NEWSPersonalities

A Life Unknown

Memoriam

By Liew Suet Fun

TJ Tan, author of “Travels in the Malaysian Rainforest”, died in July last year. In this remembrance, friend and fellow writer, Liew Suet Fun recalls his passion for the written word and the final enigma of his departure.

The last time I saw TJ was in a crowded coffee shop in Section 5, Petaling Jaya. We had met for lunch, a sumptuous meal of banana leaf rice of which he said was one of his favourites. We spoke of our frustrations as writers; the lack of appetite amongst local publishers for non-fiction, documentary works which we both favoured and the perennial challenge of securing financial support to produce such books. Towards the end of our conversation he said that he was tired and looked forward to his yearly one-month break. It was the only way to remain sane, we agreed. Before parting ways, I asked him to sign my copy of “Travels in the Malaysian Rainforest”. I saw his face light up, and knew without a doubt what the book meant to him.

It was a rare meeting for us, this despite the fact that I had known TJ since my teens in Taiping. He was my brother’s classmate who occasionally came by our house to visit. Later, he attended the youth meetings at the Methodist Church where I was also a regular. In his youth, I remember him to be shy and quiet whose complexion carried a perpetual intimation of a blush. We never really spoke. I had the impression that he had come to seek spiritual truths and had little use for the social niceties that many others favoured.

His cousin, Ooi Eusie reinforced my early impressions. TJ and her were of the same age and as children would often meet at each others’ homes and play together.

“He was so quiet that we would tease him by saying, why is it so hard for you to speak,” she said. But though he possessed this unerring capacity for silence, he was good-natured and kind.

“He always smiled and never said anything bad about anyone or anything,” she added.

TJ, a second child and eldest boy of four in the family may well have discovered that there was comfort in the silence, for it allowed him to cast a shroud of privacy over a life he jealously guarded as his own.

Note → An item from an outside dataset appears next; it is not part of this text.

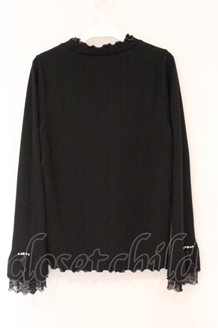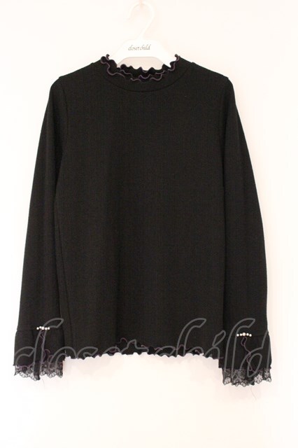 axes femme / 袖レース配色メローフリルプルオーバー クロ×パープル O-26-04-13-059-AX-TO-IG-OS

A marine biologist who graduated from the University of Bangor, Wales, he chose instead to become a journalist first working with foreign news agency and publications and a local newspaper. Eventually he set up Blue Mountain Press to “publish the work (he) believed in”.

Throughout his adulthood, Ooi feels that he also chose to become increasingly aloof with the family.

“We would have get-togethers frequently and asked him to come but he never showed up,” she explained. “We all had the illusion that he was living well and doing what he wanted but maybe he just felt he had not achieved anything of value in those years.”

The extent to which TJ’s life was layered became apparent only after his passing. Ironically, many of these revelations turned out to be more prosaic than profound.

They trickled in through friends who knew him in different ways.

“We found out he had become a Catholic, that he was called Jonathan, that twice, he almost got married, that he had a heart problem and that he was living on a financial edge for many years,” Ooi said.

What many people did not know however was that TJ was also working on a new book. When Ooi was tasked to clear up his belongings in his house, she discovered “stacks and stacks of notes and papers, video footage and thousands of photographs”. However, she never found a manuscript or any draft related to a new title.

Several years ago, when TJ and I exchanged emails, he had mentioned that he was working on a book and subsequently I had met several people he had interviewed for this purpose

In life, as in death, TJ kept this veil of secrecy firmly wrapped around himself.

Sometime around July 14 last year, he breathed his last, alone in his house. About a week later, a neighbour noted a strange smell and made a police report. It was then that they found him.

Three weeks ago, I met a couple in Ipoh who knew him but did not know he had died.

True to form, the revelation of his departure travels as a trickle.

In my home, on a glass-topped coffee-table stands an army of creatures fashioned in crystal and wood, which once was his; they are whimsical reminders of this brilliant man who chose a path he believed in. On my bookshelf sits “Travels in the Malaysian Rainforest” bearing an inscription for me by his hand. It recalls the last time I saw him smile.